The only territory a buck will defend during the rut
is about 20 yards around an estrous doe. One time I
spent three years videoing wild, free-roaming deer and
never once saw bucks fight around scrapes, unless a
doe that I perceived to be estrous was near that scrape
at the same time both bucks were there. The best place
to find a buck during the rut is where the does are
feeding, because the bucks are going where the does
are."
Dr.

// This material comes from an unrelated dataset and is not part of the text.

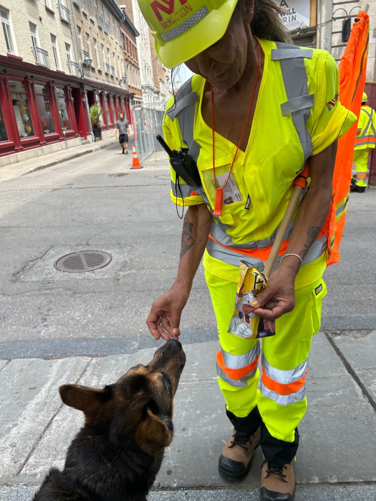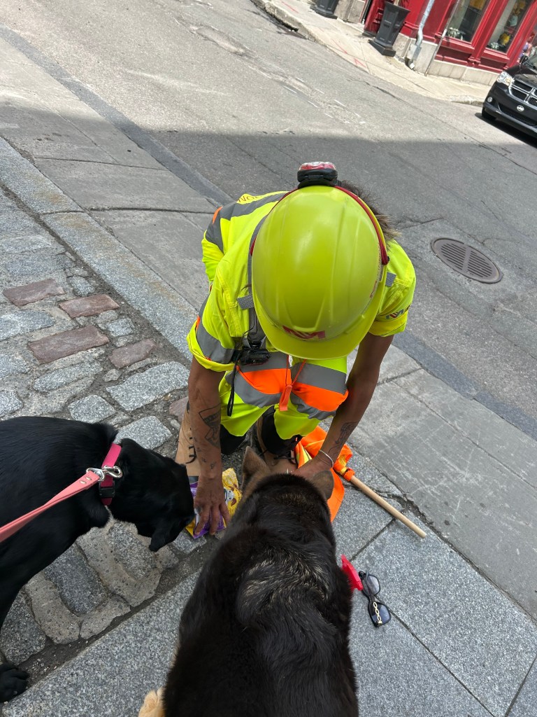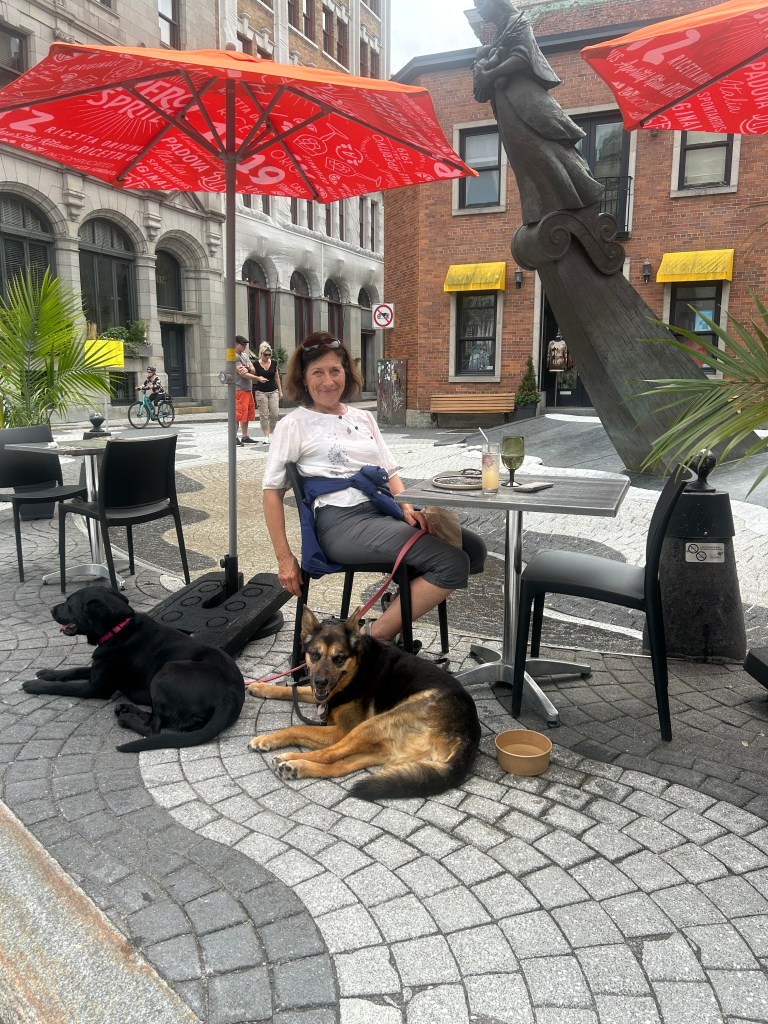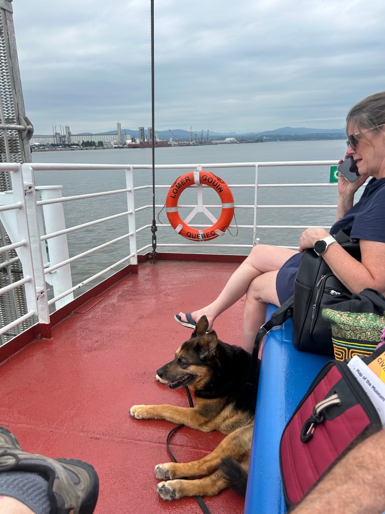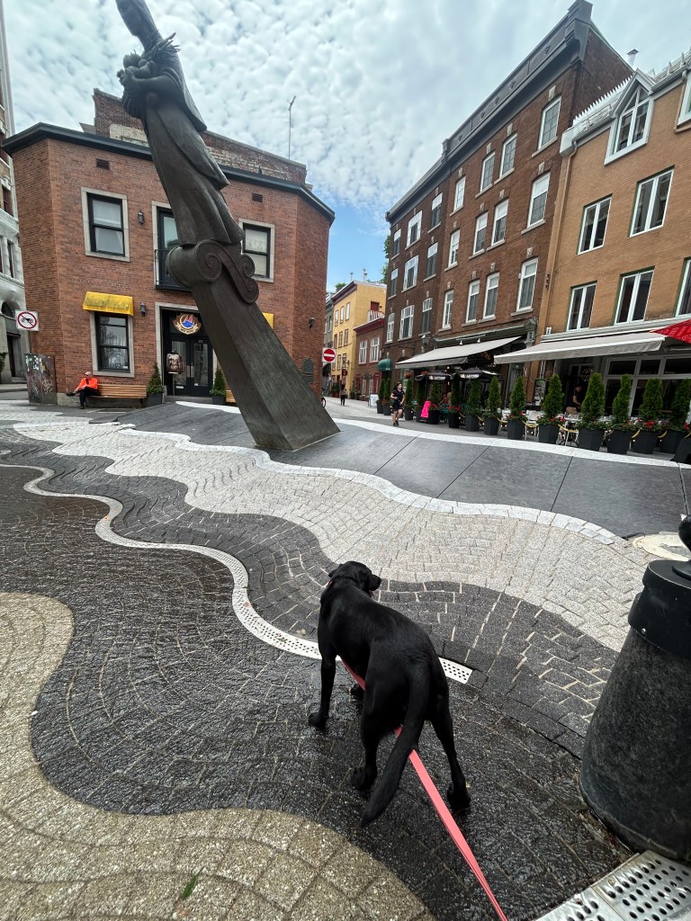 We left camp with the highest of intentions and they lasted about two hours. W took the ferry to the Old City and Peter peeled off to go to the Musee de Civilisation while the dogs and I wandered around the streets, passing art galleries, barber shops, cafes and restaurants. A number of the galleries left out dog water bowls. Given the heat and humidity even at late morning, the dogs (and I) were most appreciative.

Wood Doesn't Hunt The Rut:
Dr. Wood considers the rut the worst time of the year
to bag a big buck. "If someone tells me, 'I'll
give you $1 million if you can take a big buck within
a two-week period of time,' I still won't hunt the rut.
People will harvest big bucks during the rut for only
two reasons: they know where the food source is located
that the bucks are coming to, and/or they're lucky.
During the rut, you can't predict where the buck will
be. When you discover the big buck you want to take,
you need to learn where he lives and go there. That's
why I say that your opportunity to take a big buck is
best during the first three or four days of deer season
before the bucks have moved their core areas and have
encountered so much hunting pressure. During the rut,
you can't even guess where a big buck will be because
that buck does not even know where or when he'll be
there. A big buck that finds a doe in estrus will allow
her to dictate his entire movement pattern."